I am thankful for gifts I was given – a singing voice, a little writing ability – and that I am able to work with those gifts, and even have some fun with them and bring a little pleasure, a little laughter, to other people. Years ago I wrote a song with the lines, “Give yourself to your gift, bring your gift to the world. I won’t tell you that it’s easy, but anything else is much too hard.”
I read tonight of a woman in California who watched refugees on the news and saw so many of them carrying their children. So she started collecting baby carriers – slings, and backpacks, whatever people could donate that would allow refugees who are carrying everything they own to have a way to keep their children held securely as they traveled. She and some friends flew over and gave the baby carriers to refugees. I am thankful for that woman and the idea she had and the actions she and her friends took. She reminds me that if we do what we can do, it might not seem like much, but it is enough.

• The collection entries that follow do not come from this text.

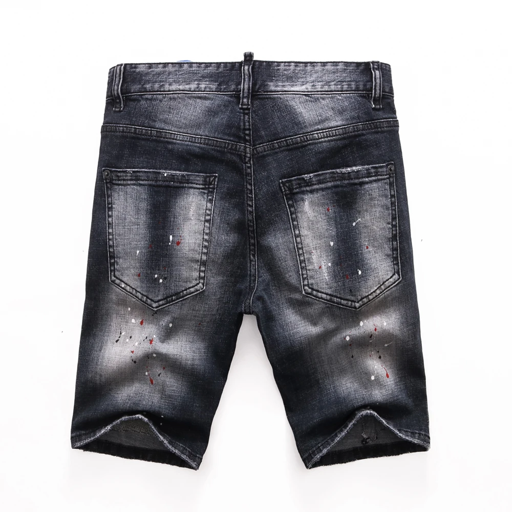 Мужские джинсовые шорты на молнии dsq, черные облегающие эластичные шорты с дырками, лето 2021
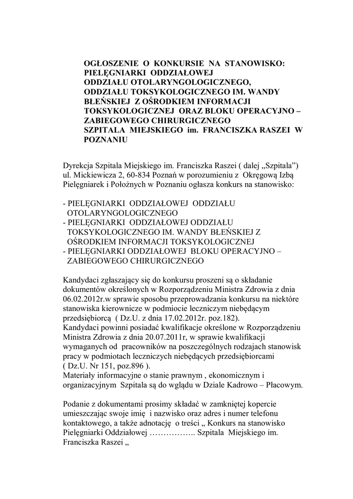 OGŁOSZENIE O KONKURSIE NA STANOWISKO: PIELĘGNIARKI ODDZIAŁOWEJ ODDZIAŁU OTOLARYNGOLOGICZNEGO, ODDZIAŁU TOKSYKOLOGICZNEGO IM. WANDY BŁEŃSKIEJ Z OŚRODKIEM INFORMACJI TOKSYKOLOGICZNEJ ORAZ BLOKU OPERACYJNO – ZABIEGOWEGO CHIRURGICZNEGO SZPITALA MIEJSKIEGO im. FRANCISZKA RASZEI W POZNANIU Dyrekcja Szpitala Miejskiego im. Franciszka Raszei ( dalej „Szpitala”) ul. Mickiewicza 2, 60-834 Poznań w porozumieniu z Okręgową Izbą Pielęgniarek i Położnych w Poznaniu ogłasza konkurs na stanowisko: - PIELĘGNIARKI ODDZIAŁOWEJ ODDZIAŁU OTOLARYNGOLOGICZNEGO - PIELĘGNIARKI ODDZIAŁOWEJ ODDZIAŁU TOKSYKOLOGICZNEGO IM. WANDY BŁEŃSKIEJ Z OŚRODKIEM INFORMACJI TOKSYKOLOGICZNEJ - PIELĘGNIARKI ODDZIAŁOWEJ BLOKU OPERACYJNO – ZABIEGOWEGO CHIRURGICZNEGO Kandydaci zgłaszający się do konkursu proszeni są o składanie dokumentów określonych w Rozporządzeniu Ministra Zdrowia z dnia 06.02.2012r.w sprawie sposobu przeprowadzania konkursu na niektóre stanowiska kierownicze w podmiocie leczniczym niebędącym przedsiębiorcą ( Dz.U. z dnia 17.02.2012r. poz.182). Kandydaci powinni posiadać kwalifikacje określone w Rozporządzeniu Ministra Zdrowia z dnia 20.07.2011r, w sprawie kwalifikacji wymaganych od pracowników na poszczególnych rodzajach stanowisk pracy w podmiotach leczniczych niebędących przedsiębiorcami ( Dz.U. Nr 151, poz.896 ). Materiały informacyjne o stanie prawnym , ekonomicznym i organizacyjnym Szpitala są do wglądu w Dziale Kadrowo – Płacowym. Podanie z dokumentami prosimy składać w zamkniętej kopercie umieszczając swoje imię i nazwisko oraz adres i numer telefonu kontaktowego, a także adnotację o treści „ Konkurs na stanowisko Pielęgniarki Oddziałowej …………….. Szpitala Miejskiego im. Franciszka Raszei „ w terminie 30 dni od daty ukazania się ogłoszenia w Dzienniku Ogólnopolskim „Rzeczpospolita ” pod adresem: Szpital Miejski im. Franciszka Raszei ul. Mickiewicza 2, 60-834 Poznań. Konkurs odbędzie się w okresie 30dni od daty upływu terminu składania ofert. O terminie i miejscu przeprowadzenia konkursu kandydaci zostaną powiadomieni indywidualnie. Wynagrodzenie według Zakładowego Układu Zbiorowego Pracy dla Pracowników Szpitala Miejskiego im. Franciszka Raszei. Mieszkania nie zapewniamy.
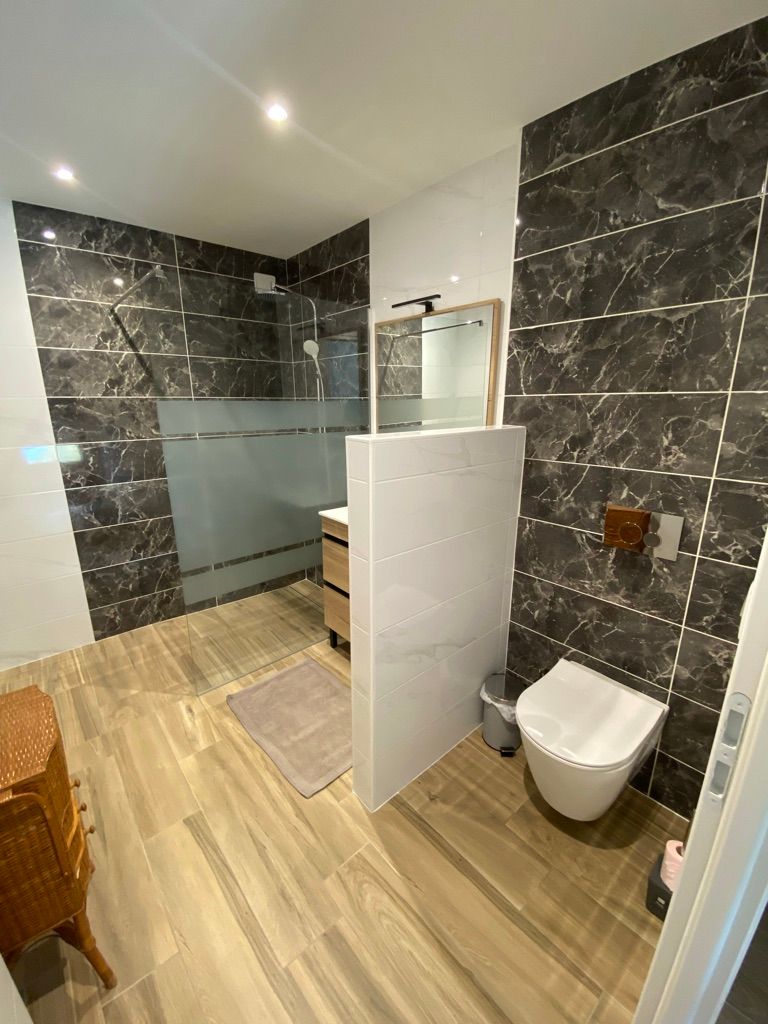 Le logement comprend une entrée avec placards rangement, wc indépendant. Un séjour avec espace salon (canapé, 2 fauteuils, TV), 2 tables pour les repas, une cuisine intégrée (lave-vaisselle, réfrigérateur, congélateur) donnant sur une terrasse avec salon de jardin et plancha. De cet espace séjour, accès à une chambre (1 lit(…)

I am thankful for people who do what they can do. I ask myself, have I done what I can do? Have I done enough?
I am thankful that I am still here to ask those questions.
Today I pray for the healing of the world, and that I may do my part, and I say thanks - thanks for everything.
Thanks for reading.
Paged through one of Rick’s old notebooks, looking for a Thanksgiving illustration, and found it, and here it is. Happy Thanksgiving to you and yours.